Given $\mathbf{A}$ and $\mathbf{B}$ two $m \times n$ real matrices, is there a closed form for the matrix equation \begin{equation} \|\mathbf{X}\|^{2}_{F} - 2 \cdot \mbox{trace} (\mathbf{X}^T\mathbf{A}) +\|\mathbf{B}\|^{2}_{F} = 0, \end{equation}
where $\mathbf{X} \in \mathbb{R}^{m\times n}$ and $\| \cdot \|_{F}$ is the Frobenius norm?
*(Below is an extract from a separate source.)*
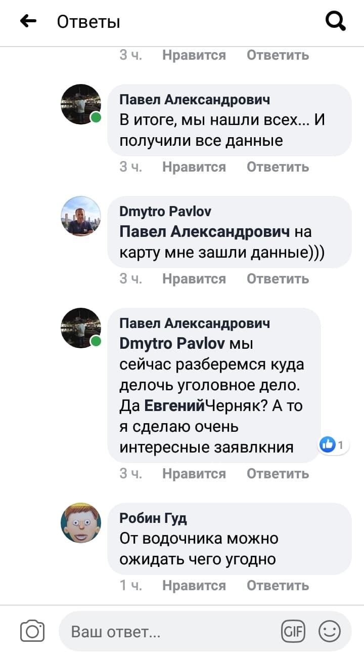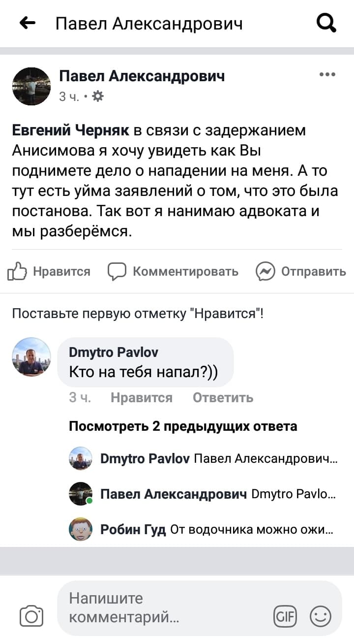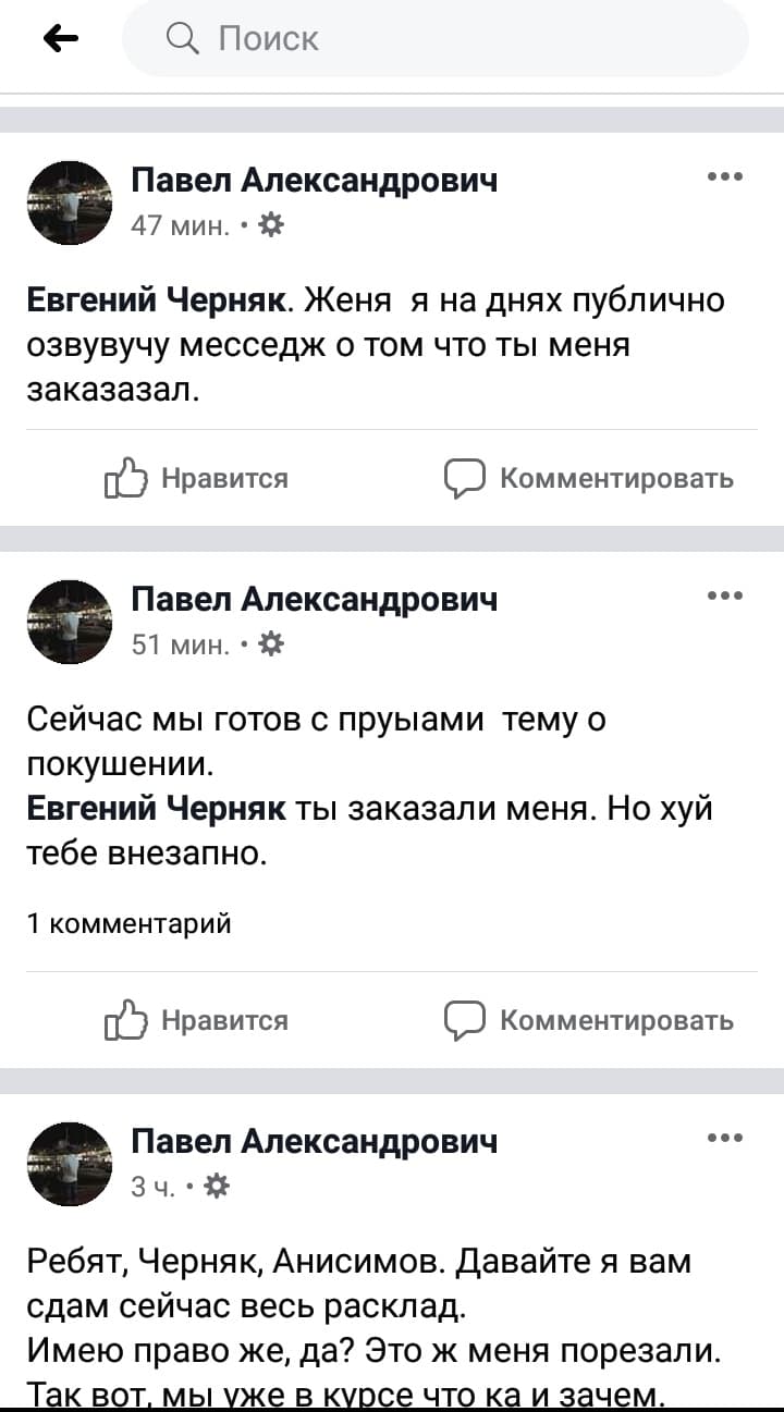 Павел Золотарев, более известный в Запорожье, как Павел Мясоедов, 20 февраля на своей странице в соцсети опубликовал несколько постов-обращений к Евгению Черняку, в которых вспоминает, как в 2010-2011 году во время разгара войны между Черняком и Анисимовым, ему (Павлу) досталось очень сильно. Как утверждает Павел, по команде Черняка его порезали. Он выжил, но вот обида не застарела и известный в Запорожье пиарщик собирается судиться с водочным магнатом.

Notice that this equation can be viewed as a generalization of a simple quadratic equation.
$||X||_F^2=Tr(X^TX)$. So you can rewrite your equation in the following form: $$ Tr(X^TX-2X^TA+B^TB)=Tr(X^TX-X^TA-A^TX+A^TA+B^TB-A^TA)=Tr((X-A)^T(X-A)+B^TB-A^TA)=0 $$ So $$ Tr(X-A)^T(X-A))=Tr(A^TA-B^TB); $$ At least we can understand now that solution may exists only if $a=Tr(A^TA-B^TB)\ge 0$. Now all matrices such that $||Y||_F^2=a$ will generate solution as $X=Y+A$.